Downstream tasks benchmarked include:
- News-article classification (sports/entertainment/lifestyle)
- Headline classification (entertainment/sports/state)
- Tweet sentiment analysis (positive/negative/neutral)
- Named Entity Recognition (PER/LOC/ORG)
Performance gains over multilingual baselines (mBERT, XLM-R, indicBERT) are observed, with MahaBERT, MahaRoBERTa, and MahaAlBERT achieving up to +1.8% accuracy for tweet sentiment and up to +2.02 in NER macro-F1 over baselines (Joshi, 2022). FastText embeddings trained on MahaCorpus (MahaFT) outperform both INLP-FT and Facebook FastText on classification.
Stopword curation using TF–IDF on MahaCorpus yielded a validated list of 400 Marathi stopwords, the largest to date. Stopword removal produces negligible loss in classification accuracy (<0.5%) and mildly increases sentiment classification performance for MahaBERT (Chavan et al., 2024).
5. Statistical and Linguistic Profile
With 24.8 million sentences and an estimated 200,000–300,000 unique word-forms, the surface vocabulary of MahaCorpus offers wide coverage of everyday and formal Marathi. Frequency analysis closely matches expected laws (Zipf), and sentence length distribution spans short headlines (3–5 tokens) to extended expository sentences (>50 tokens) (Chavan et al., 2024). For TF–IDF stopword ranking, the intersection of the lowest-scoring 5,000 terms in each chunk identified 2,297 uniformly frequent, low-content words; subsequent manual vetting distills a final 400-word stoplist.
Corpus structure and size enable domain-adaptive modeling and holistic evaluation, critical for robust low-resource language NLP.
6. Limitations and Future Directions
Several steps in corpus construction, such as explicit duplicate removal, advanced noise filtering (e.g., code-mixed segment exclusion), and finer-grained metadata collection (such as document IDs, timestamps, authorship), are not fully documented (Joshi, 2022).

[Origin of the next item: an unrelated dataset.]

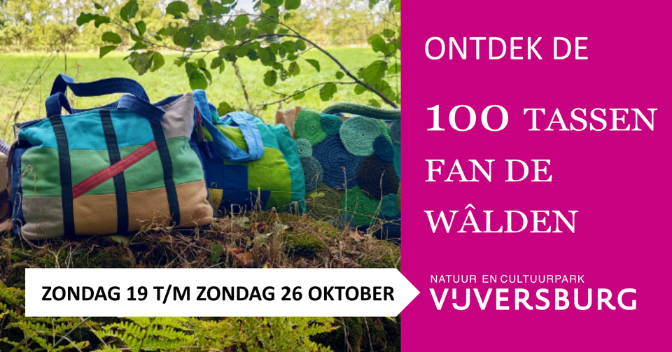 Wat begon met één tas, groeide uit tot een kleurrijke uitdaging: zou het lukken om minstens 100 tassen te maken allemaal geïnspireerd op de Wâlden? Het antwoord is te zien tijdens de herfstvakantie in het park. Want dan kunnen alle tassen worden bewonderd. Tassen gemaakt met uiteenlopende technieken, materialen en verhalen komen samen in één expositie. De tassen stralen niet alleen creativiteit en vakmanschap uit, maar ook verbondenheid met de Wâlden, met hergebruik en duurzaamheid en met elkaar.

The raw corpus encodes only basic domain metadata (news vs. non-news), with no linguistic annotation.
Potential directions for expansion and refinement include:
- Integrating social-media text (e.g., Twitter, Facebook) to better encompass colloquial and code-switched Marathi
- Adding domain-specific subcorpora (medical, legal, academic)
- Implementing continuous crawling pipelines for temporal coverage
- Applying advanced cleaning (parallel language-ID classifiers, normalization, iterative human-in-the-loop validation)
These enhancements could further improve the resource for specialized downstream tasks and adaptive language modeling.
7. Access and Community Adoption
MahaCorpus and all associated models, benchmarks, and stopword lists are freely available at https://github.com/l3cube-pune/MarathiNLP. The resource has become the de facto standard for Marathi monolingual pretraining and evaluation. Integration with HuggingFace datasets and models streamlines experimentation. The L3Cube-MahaNLP initiative’s open-source approach has established a replicable framework for other low-resource Indian languages (Joshi, 2022, Joshi, 2022, Chavan et al., 2024).